Mean SpO2 differed significantly across the six conditions (F = 13.077, P < 0.001). Post hoc analysis [Table 4] revealed significant difference in the mean SpO2 between baseline and +4Gx (P = 0.003), +8Gx (P = 0.004), and post-run (P = 0.022), respectively. The mean post-run SpO2 was not statistically significant from +8Gx (P = 0.939). Application of Pearson’s correlation to the relation between RR and SpO2 during exposure to +Gx acceleration revealed statistically significant strong negative correlation (r = −0.94, P = 0.006).

Table 4:: Post hoc analysis p values showing differences in mean SpO2 recorded at various stages of study protocol.
Baseline Pre-run +4Gx +8Gx Post-run Recovery
Baseline - 0.502 0.003 0.004 0.022 1.000
Pre-run 0.502 - 0.142 0.019 0.148 1.000
+4Gx 0.003 0.142 - 0.088 1.000 0.011
+8Gx 0.004 0.019 0.088 - 0.939 0.005
Post-run 0.022 0.148 1.000 0.939 - 0.050
Recovery 1.000 1.000 0.011 0.005 0.050 -

Post hoc analysis was carried out using Bonferroni test. Blue background denotes statistically significant difference. SpO2: Oxygen saturation

The subjective discomfort experienced during the +Gx run was obtained using VAS indicated highest score of 7 (pain in the right hypochondrium) and the most commonly reported score was 0 (no discomfort/pain) at +4Gx. On exposure to +8Gx, highest score reported was 8 (pain in the right hypochondrium) and the most common reported score was 4 (three experienced chest pain and one had upper backache).


Spaceflight exposes the crew to acceleration forces of approximately +3Gx to +4Gx acceleration during nominal launch and re-entry.[6,7,10] However, a ballistic descent or an abort could result in acceleration as high as +7Gx to +8 Gx.[7,11] Therefore, the acceleration profiles used in the present study included peaks of +4x and +8Gx. The selection of maximum of +8Gx for 30 s in the present study is also in accordance with the NASA’s safe limits of acceleration sustained under nominal and off-nominal conditions.[8] It is well established that the baroreceptor response to the G stress sets in by 6–9 s, settles down by 15 s.[12] Therefore, the duration of peak acceleration was limited to 30 s at both +4Gx and +8Gx sufficient to monitor the changes in cardiovascular parameters.
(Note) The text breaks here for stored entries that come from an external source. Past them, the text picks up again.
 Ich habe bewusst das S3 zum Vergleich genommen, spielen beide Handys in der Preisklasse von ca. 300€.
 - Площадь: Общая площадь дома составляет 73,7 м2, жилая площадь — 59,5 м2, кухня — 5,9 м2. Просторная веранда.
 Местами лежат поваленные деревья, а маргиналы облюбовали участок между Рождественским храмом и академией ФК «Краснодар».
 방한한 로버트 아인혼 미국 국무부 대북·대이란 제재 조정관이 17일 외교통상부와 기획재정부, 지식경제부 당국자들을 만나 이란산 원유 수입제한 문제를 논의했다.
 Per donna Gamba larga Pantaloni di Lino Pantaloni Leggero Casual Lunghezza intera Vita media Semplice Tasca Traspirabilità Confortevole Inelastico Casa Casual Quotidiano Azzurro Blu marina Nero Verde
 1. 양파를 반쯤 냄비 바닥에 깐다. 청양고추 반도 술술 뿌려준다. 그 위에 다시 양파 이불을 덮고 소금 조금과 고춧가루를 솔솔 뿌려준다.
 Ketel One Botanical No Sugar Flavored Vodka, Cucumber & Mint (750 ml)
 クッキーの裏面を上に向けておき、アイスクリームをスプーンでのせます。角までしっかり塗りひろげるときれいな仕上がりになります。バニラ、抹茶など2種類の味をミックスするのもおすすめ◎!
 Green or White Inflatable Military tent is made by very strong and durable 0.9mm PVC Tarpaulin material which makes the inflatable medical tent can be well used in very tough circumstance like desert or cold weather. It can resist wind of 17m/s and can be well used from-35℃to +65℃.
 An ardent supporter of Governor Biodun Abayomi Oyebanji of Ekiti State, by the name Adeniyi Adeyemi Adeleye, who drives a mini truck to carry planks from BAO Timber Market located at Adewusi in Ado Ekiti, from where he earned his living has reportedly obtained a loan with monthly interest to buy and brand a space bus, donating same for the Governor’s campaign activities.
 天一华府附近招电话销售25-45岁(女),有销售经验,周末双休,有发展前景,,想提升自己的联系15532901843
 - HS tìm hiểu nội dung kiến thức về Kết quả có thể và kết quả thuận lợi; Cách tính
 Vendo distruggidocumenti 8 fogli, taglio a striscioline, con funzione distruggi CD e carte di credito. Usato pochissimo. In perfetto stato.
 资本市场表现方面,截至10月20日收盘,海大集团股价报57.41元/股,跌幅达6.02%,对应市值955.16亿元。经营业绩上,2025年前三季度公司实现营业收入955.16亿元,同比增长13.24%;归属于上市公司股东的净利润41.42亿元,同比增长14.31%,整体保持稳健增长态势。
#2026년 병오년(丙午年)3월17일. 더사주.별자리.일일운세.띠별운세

Sinus tachycardia was observed before the commencement of the centrifuge run due to the anticipatory psychological stress in novice subjects. This can be attributed to “Anticipatory Tachycardia,” which is a well-known entity in the centrifuge and has been documented by many researchers.[13-15] A slight rise in mean HR was observed on exposure to +4Gx in comparison to pre-run values. This could be attributed to initiation of Bainbridge and McDowall reflexes, due to the large increase of pressure in the venous side of circulation, especially in the right auricle.[16] This also indicates smaller hydrostatic pressure gradient produced by +Gx acceleration. This smaller hydrostatic pressure gradient could also explain why the difference between mean HR at +4Gx and +8Gx was not statistically significant.[1] The post-run mean HR differed significantly from the baseline value (P < 0.05) indicating that recovery was not complete immediately after cessation of exposure. However, the mean HR reached baseline values at approximately 5 min after the cessation of the HPHC run indicating that this much period would be required for complete recovery. The same was also collaborated by no significant difference in BP between before the run and that following recovery. Although literature review revealed occurrence of arrhythmia on exposure to +Gx acceleration above +6Gx to +8Gx,[1] no such events were observed in the present study. This may be due to limited duration of exposure to +8Gx of 30 s in our study. Rai and Gupta also did not find any significant arrhythmia on exposure to +8Gx for 40 s in their study.[9]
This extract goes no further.